The final result looks like this:

typeFromString :: String -> Q Type
typeFromString "Text" = [t| T.Text |]  -- TODO: We shouldn't special case this. Figure out how to keep imported types under control.
typeFromString s = do
  maybeType <- lookupTypeName s
  case maybeType of
    Just name -> return (ConT name)
    Nothing -> do
      if "Maybe " `L.isPrefixOf` s
        then do
          let innerType = drop 6 s
          inner <- typeFromString innerType
          return (AppT (ConT ''Maybe) inner)
        else if "Either " `L.isPrefixOf` s
          then do
            let (left: right:_) = tail (words s)
            lhs <- typeFromString left
            rhs <- typeFromString right
            return (AppT (AppT (ConT ''Either) lhs) rhs)
          else fail $ "Unsupported type: " ++ s

declareColumns :: DataFrame -> DecsQ
declareColumns df = let
        names = (map fst . L.sortBy (compare `on` snd).

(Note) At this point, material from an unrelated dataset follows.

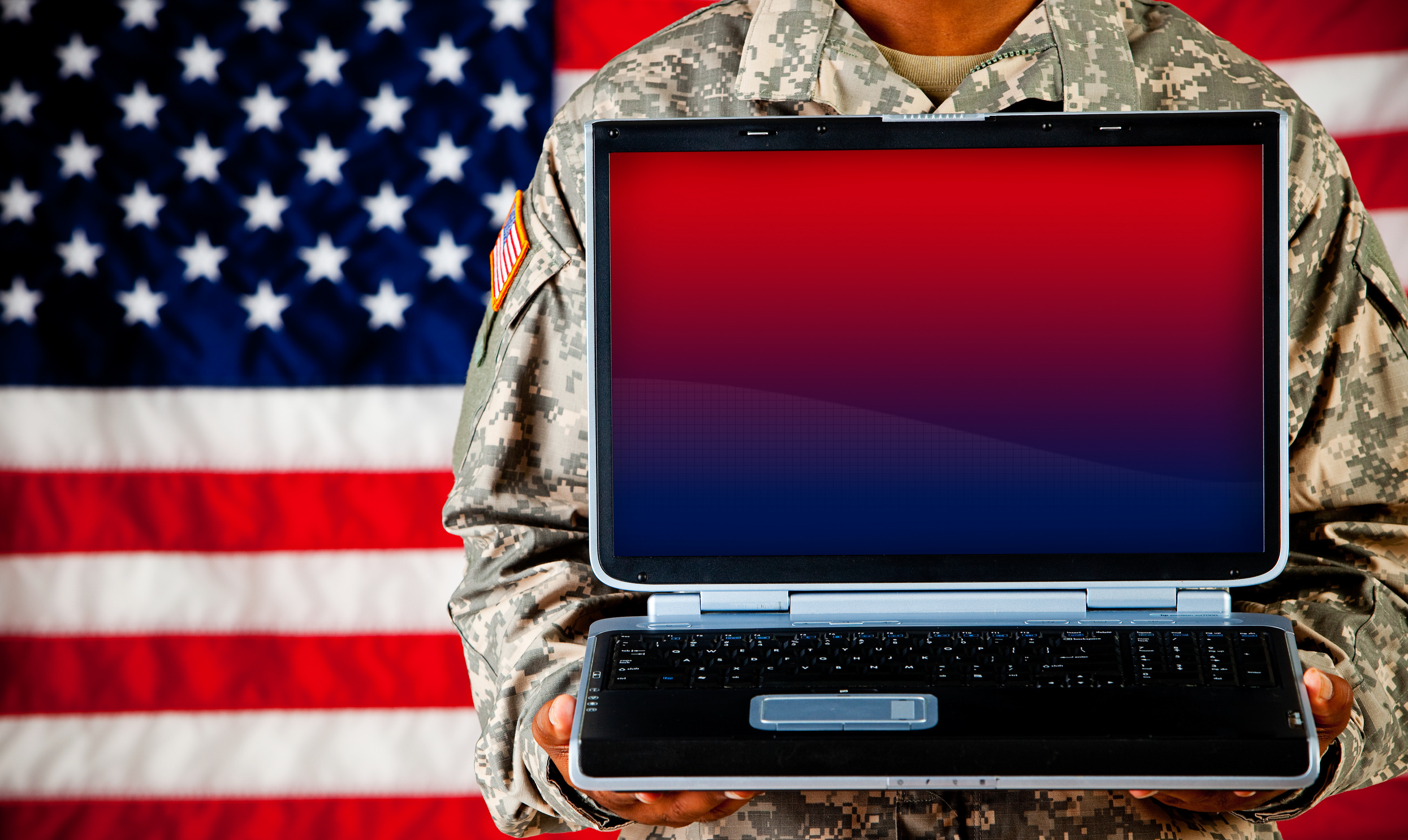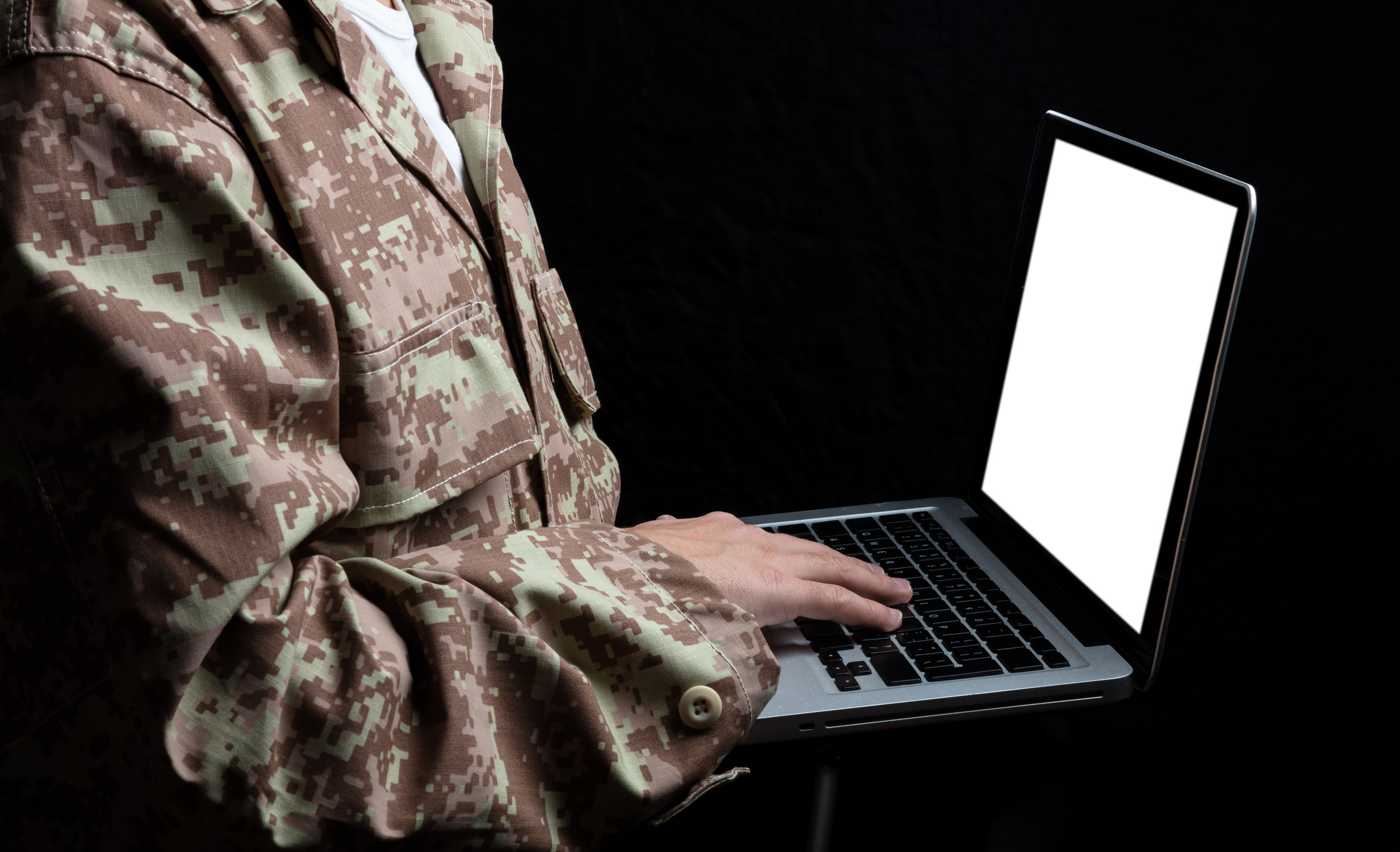 Created with images by Framestock - "American secret base in dark field" • Pixel-Shot - "Mature male soldier working with laptop in headquarters building" • seanlockephotography - "Soldier: Holding Monitor with Blank Screen" • zinkevych - "Electronic device. Pleasant nice god looking woman holding a laptop and working on it while resting at home" • Rawf8 - "Young soldier working with a laptop computer with blank screen on black background" • LIGHTFIELD STUDIOS - "Partial view of army soldier using laptop on couch"

M.toList . columnIndices) df
        types = map (columnTypeString . (`unsafeGetColumn` df)) names
        specs = zip names types
    in fmap concat $ forM specs $ \(nm, tyStr) -> do
        ty  <- typeFromString tyStr
        let n  = mkName (T.unpack nm)
        sig <- sigD n [t| Expr $(pure ty) |]
        val <- valD (varP n) (normalB [| col $(TH.lift nm) |]) []
        pure [sig, val]

And then I include the following in my .ghci as a helper function:

:set -XOverloadedStrings
:set -XTemplateHaskell

:def! cols \s -> return ("_ = (); declareColumns " ++ s)

Then in the session I have:

ghci> df <- D.readCsv "./data/housing.csv" 
ghci> import DataFrame.Functions (declareColumns)
ghci> :cols df

This creates all the references. Sadly adds an explicit template haskell dependency.